|
— Чем же она тебе так не нравится? — спросил он Матеу.
— Надоела мне эта толстая, — ответил Матеу. Матеу не мог больше выносить Софонисбу. — Не нравится мне эта толстая с жемчугом (Артемизия у Рембрандта действительно толстая, и у нее нитки жемчуга на шее и на лбу). — Служанка, которая ей чашу подает, наверное, и то красивее, только вот лицо у нее никак нельзя разглядеть. Отец не смог сдержать иронии: — Да, — сказал он, — так уж картина написана: толстуха стоит к нам лицом, а служанка — спиной.

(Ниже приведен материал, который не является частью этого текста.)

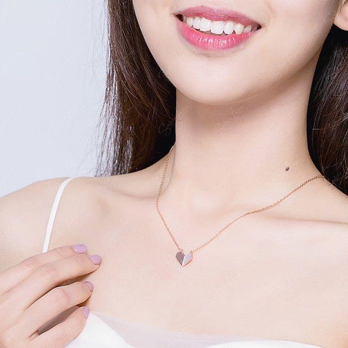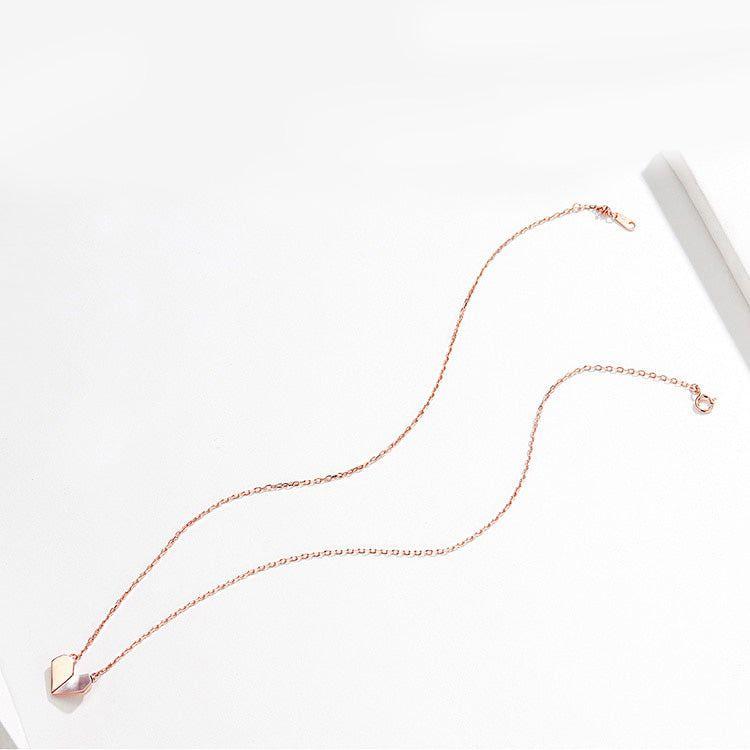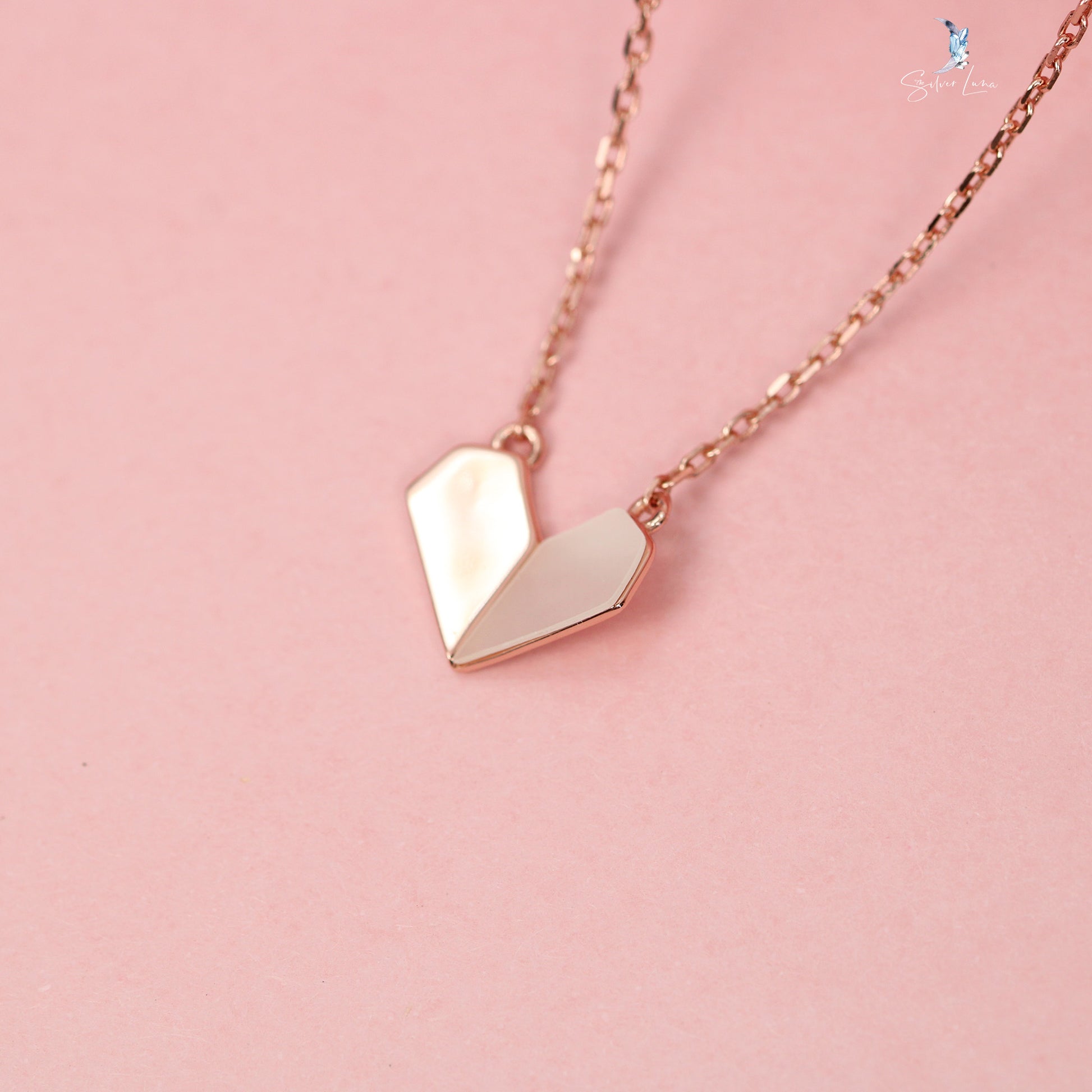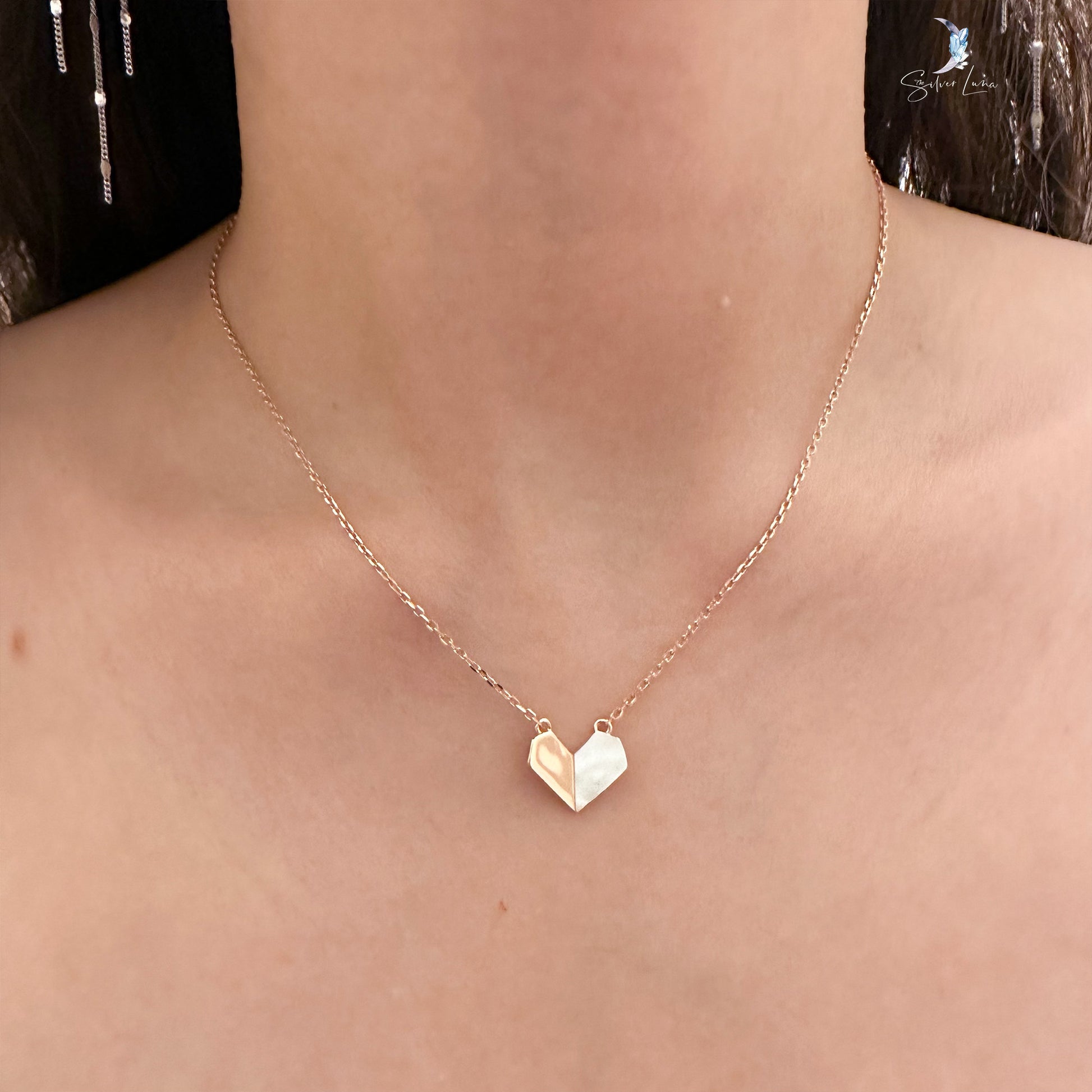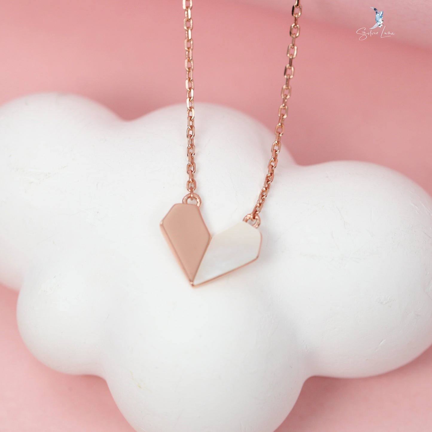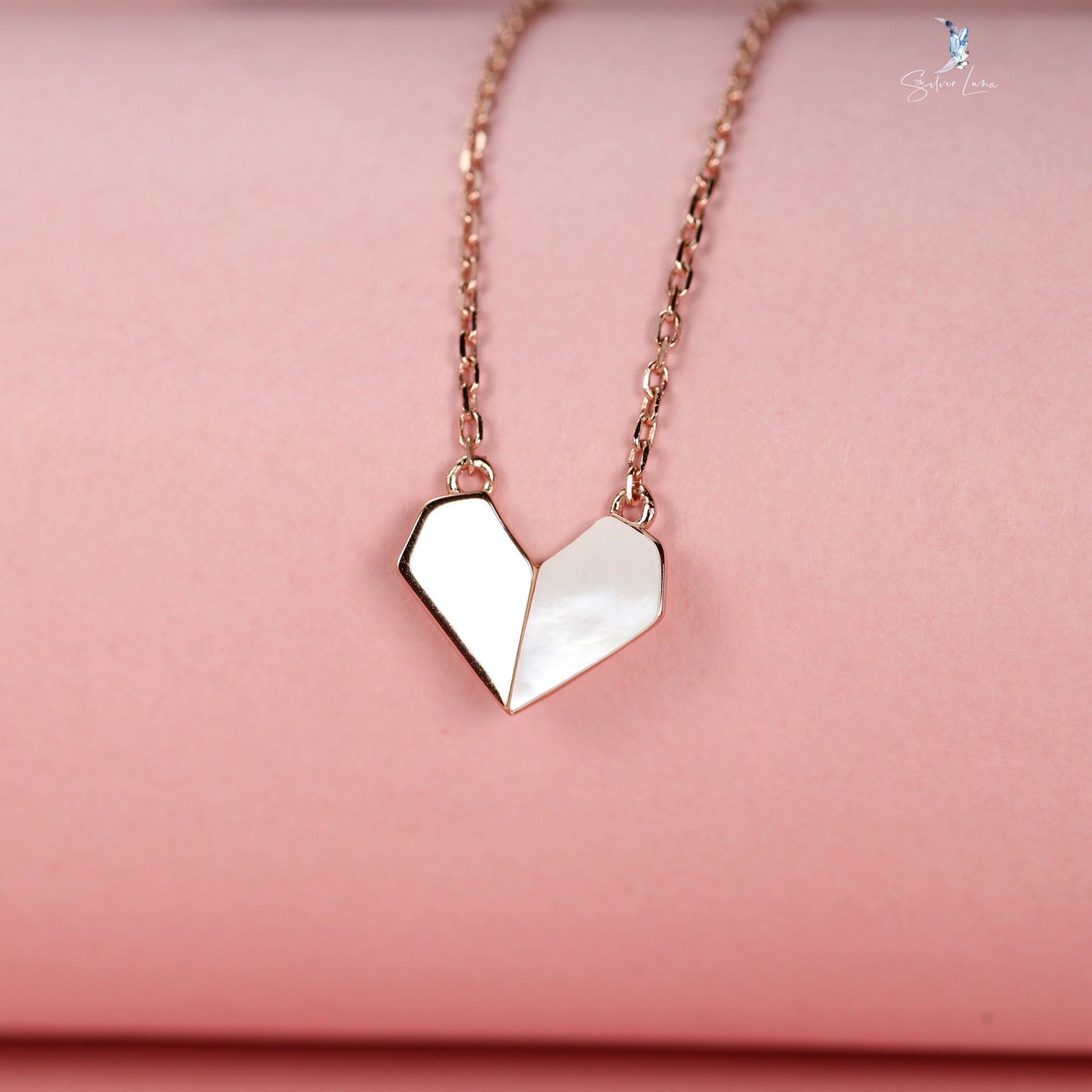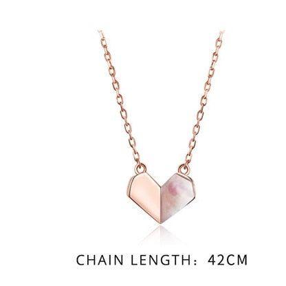 This dazzling and delicate heart necklace boasts a stunning rose gold geometric heart pendant, partially adorned with a luminous white shell. Crafted from high-quality 925 sterling silver and finished with a lustrous rose gold plating, this necklace is a must-have addition to any collection.

Поджигатель Матеу несколько секунд щелкал зажигалкой, то выпуская язычок пламени, то гася его, но от холста зажигалку не убирал и в конце концов поднес пламя еще ближе. На Ранса он не смотрел.

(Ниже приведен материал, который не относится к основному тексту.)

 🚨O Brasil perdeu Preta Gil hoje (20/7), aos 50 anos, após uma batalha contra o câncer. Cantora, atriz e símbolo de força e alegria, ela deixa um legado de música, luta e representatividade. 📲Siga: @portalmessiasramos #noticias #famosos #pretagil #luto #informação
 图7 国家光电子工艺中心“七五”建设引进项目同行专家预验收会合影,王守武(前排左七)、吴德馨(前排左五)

— Это-то и плохо, — сказал он, — нарисовано раз и навсегда, и мы не знаем, что же там происходит, и видите, сеньор Ранс, никак не разглядеть лица девушки, и старухи не разглядеть, только эта толстая с бусами и видна, все никак не дотянется до чаши. Уж выпила бы ее к чертям, и я мог бы разглядеть девушку, если только она оглянется.
Матеу, человек, понимавший, что такое живопись — из своих шестидесяти лет двадцать пять он проработал в Прадо, — вдруг пожелал, чтобы картина Рембрандта ожила, потому что не понимал, что на ней происходило (этого никто не понимает, между Софонисбой и Артемизией огромная разница: вовсе не одно и то же выпить прах человека после его смерти и выпить смерть, выпить чашу, чтобы продлить жизнь, и выпить чашу, чтобы умереть; велика разница между тем, чтобы отсрочить смерть, и тем, чтобы приблизить ее). Абсурд, но Ранс еще раз попытался урезонить Матеу:
— Но вы же понимаете, Матеу, что это невозможно, — сказал он. — Все три просто нарисованы, разве вы не видите? Нарисованы. Вы слишком часто смотрите кино, а это не фильм. Поймите, это только картина. Картина.
— Потому-то я и хочу ее поджечь, — сказал Матеу, и язычок пламени почти лизнул холст.
— К тому же, — добавил отец, во-первых, потому что хотел отвлечь внимание Матеу от картины, а во-вторых, потому, что не мог не уточнить (он у меня педант), — украшение на ее голове — это не бусы, а диадема, хотя она тоже жемчужная.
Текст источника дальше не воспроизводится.